- Supplied material
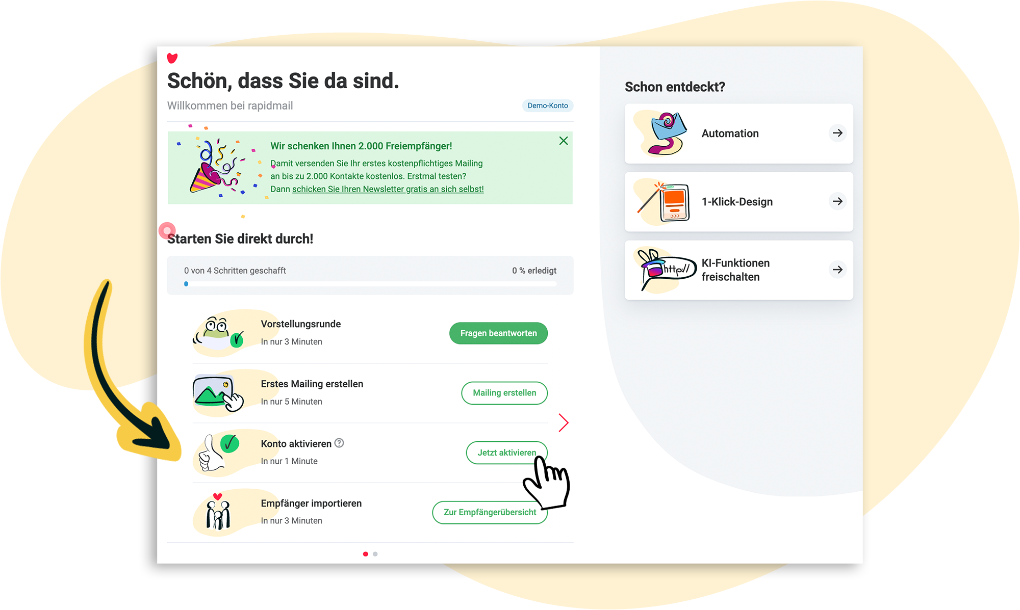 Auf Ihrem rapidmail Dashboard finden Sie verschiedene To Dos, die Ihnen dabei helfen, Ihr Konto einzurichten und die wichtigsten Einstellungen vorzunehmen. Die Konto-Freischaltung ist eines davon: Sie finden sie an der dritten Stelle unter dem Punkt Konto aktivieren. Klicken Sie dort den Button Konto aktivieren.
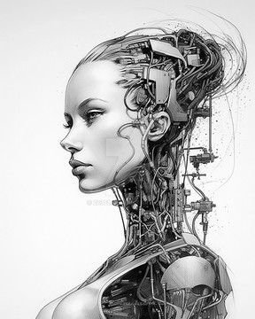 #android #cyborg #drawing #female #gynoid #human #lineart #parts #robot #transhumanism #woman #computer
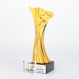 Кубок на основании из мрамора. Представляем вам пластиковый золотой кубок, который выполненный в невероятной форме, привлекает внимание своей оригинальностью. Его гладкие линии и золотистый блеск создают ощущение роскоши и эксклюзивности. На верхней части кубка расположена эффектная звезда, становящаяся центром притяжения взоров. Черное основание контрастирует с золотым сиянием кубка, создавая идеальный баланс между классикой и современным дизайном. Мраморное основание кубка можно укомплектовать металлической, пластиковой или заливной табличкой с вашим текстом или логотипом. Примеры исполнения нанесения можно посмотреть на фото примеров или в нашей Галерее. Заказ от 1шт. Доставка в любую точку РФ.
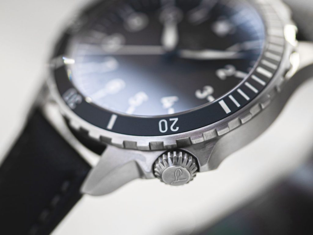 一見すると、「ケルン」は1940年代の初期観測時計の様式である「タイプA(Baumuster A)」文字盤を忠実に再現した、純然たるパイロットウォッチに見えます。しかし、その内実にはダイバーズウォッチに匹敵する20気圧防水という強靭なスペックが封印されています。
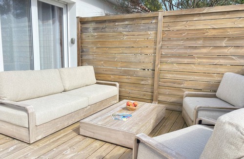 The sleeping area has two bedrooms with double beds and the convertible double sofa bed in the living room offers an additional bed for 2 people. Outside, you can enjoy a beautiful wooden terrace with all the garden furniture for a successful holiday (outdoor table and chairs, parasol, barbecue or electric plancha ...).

* * *

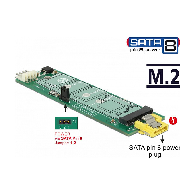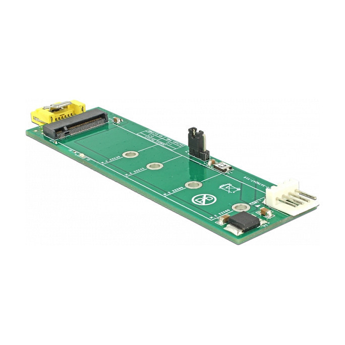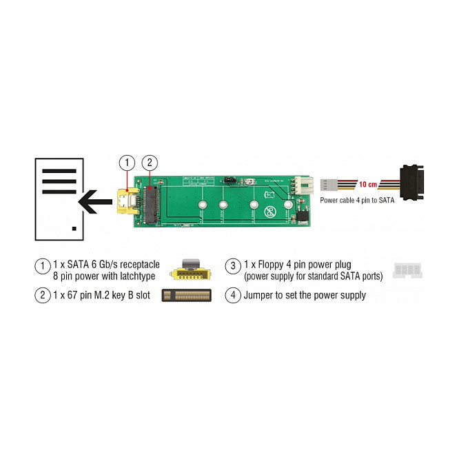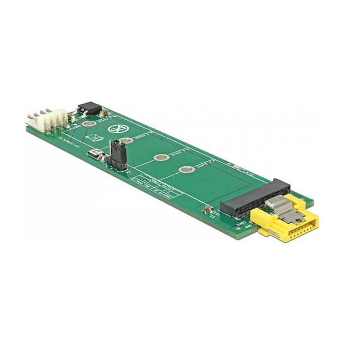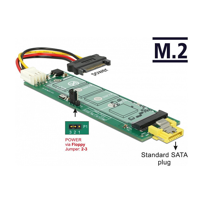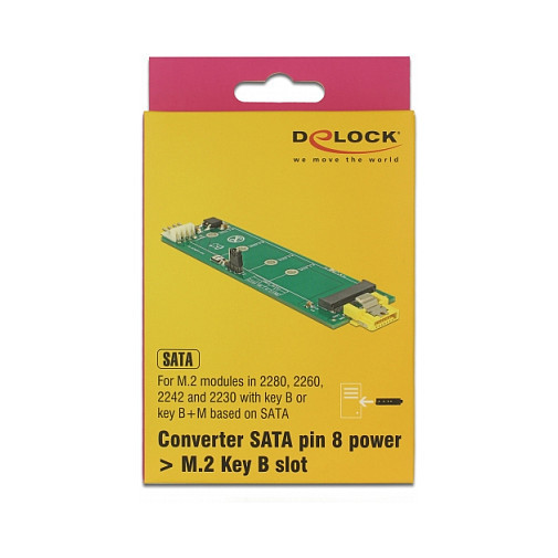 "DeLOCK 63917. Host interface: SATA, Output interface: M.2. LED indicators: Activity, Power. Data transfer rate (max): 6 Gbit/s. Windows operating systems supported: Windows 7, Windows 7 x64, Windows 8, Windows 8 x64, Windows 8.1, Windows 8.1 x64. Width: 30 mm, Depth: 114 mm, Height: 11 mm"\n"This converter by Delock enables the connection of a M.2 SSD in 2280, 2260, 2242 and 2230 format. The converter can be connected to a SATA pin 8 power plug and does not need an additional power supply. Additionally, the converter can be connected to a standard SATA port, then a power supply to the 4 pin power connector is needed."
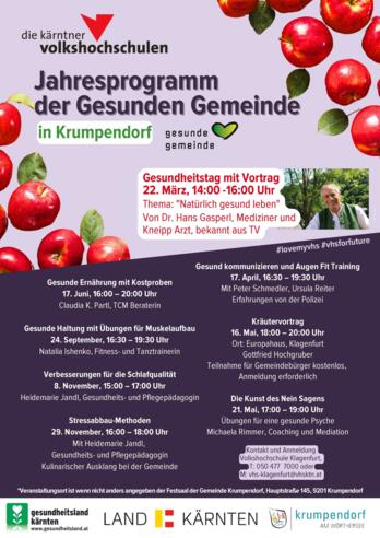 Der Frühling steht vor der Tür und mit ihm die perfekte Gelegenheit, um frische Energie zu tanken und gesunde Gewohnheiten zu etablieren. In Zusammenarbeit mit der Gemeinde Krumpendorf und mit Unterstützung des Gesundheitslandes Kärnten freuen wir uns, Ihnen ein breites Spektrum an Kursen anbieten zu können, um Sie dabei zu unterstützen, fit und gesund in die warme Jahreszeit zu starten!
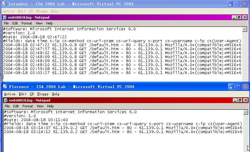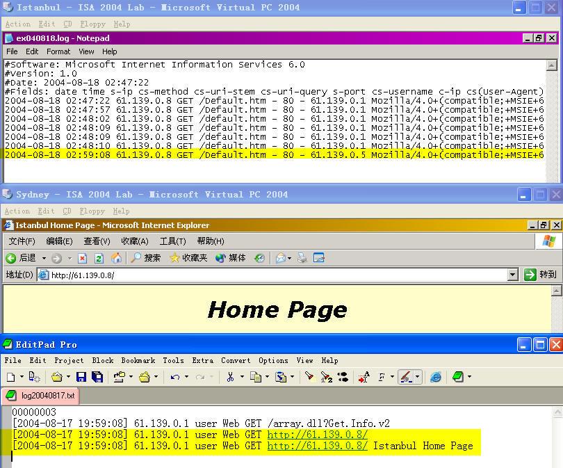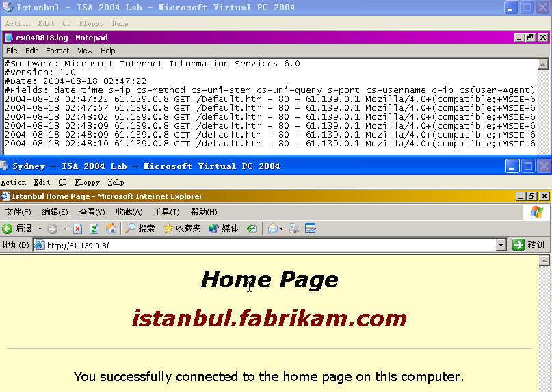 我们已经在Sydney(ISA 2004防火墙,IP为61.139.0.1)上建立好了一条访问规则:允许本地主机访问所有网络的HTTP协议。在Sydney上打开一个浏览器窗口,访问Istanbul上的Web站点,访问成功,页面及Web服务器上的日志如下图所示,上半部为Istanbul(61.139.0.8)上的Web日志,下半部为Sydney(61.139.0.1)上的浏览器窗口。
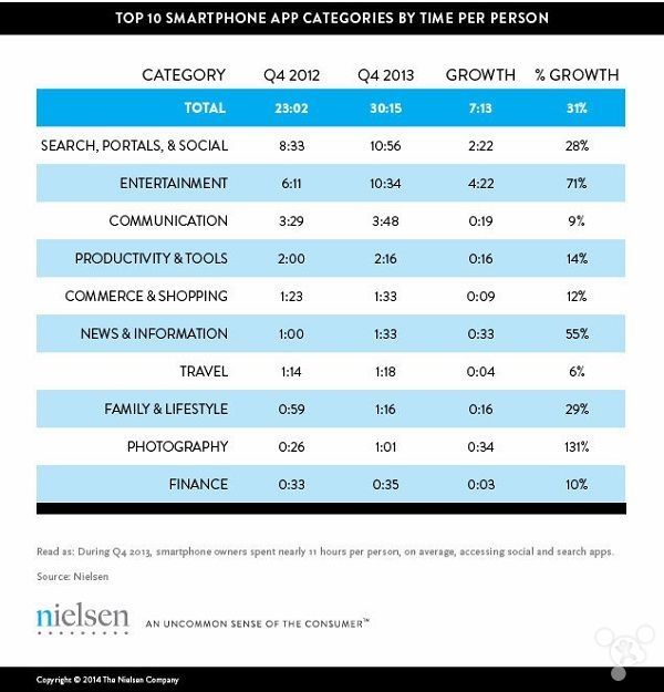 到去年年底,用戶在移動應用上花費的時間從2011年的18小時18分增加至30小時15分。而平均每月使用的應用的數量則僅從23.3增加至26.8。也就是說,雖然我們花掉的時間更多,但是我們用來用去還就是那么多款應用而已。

- Assignment
Copy exactly the lines of the listing above between the one holding "Auf Ihrem rapidmail" and the one holding "#android #cyborg #drawing", inclusive; omit all pictures.

- Exercise response
 Auf Ihrem rapidmail Dashboard finden Sie verschiedene To Dos, die Ihnen dabei helfen, Ihr Konto einzurichten und die wichtigsten Einstellungen vorzunehmen. Die Konto-Freischaltung ist eines davon: Sie finden sie an der dritten Stelle unter dem Punkt Konto aktivieren. Klicken Sie dort den Button Konto aktivieren.
 #android #cyborg #drawing #female #gynoid #human #lineart #parts #robot #transhumanism #woman #computer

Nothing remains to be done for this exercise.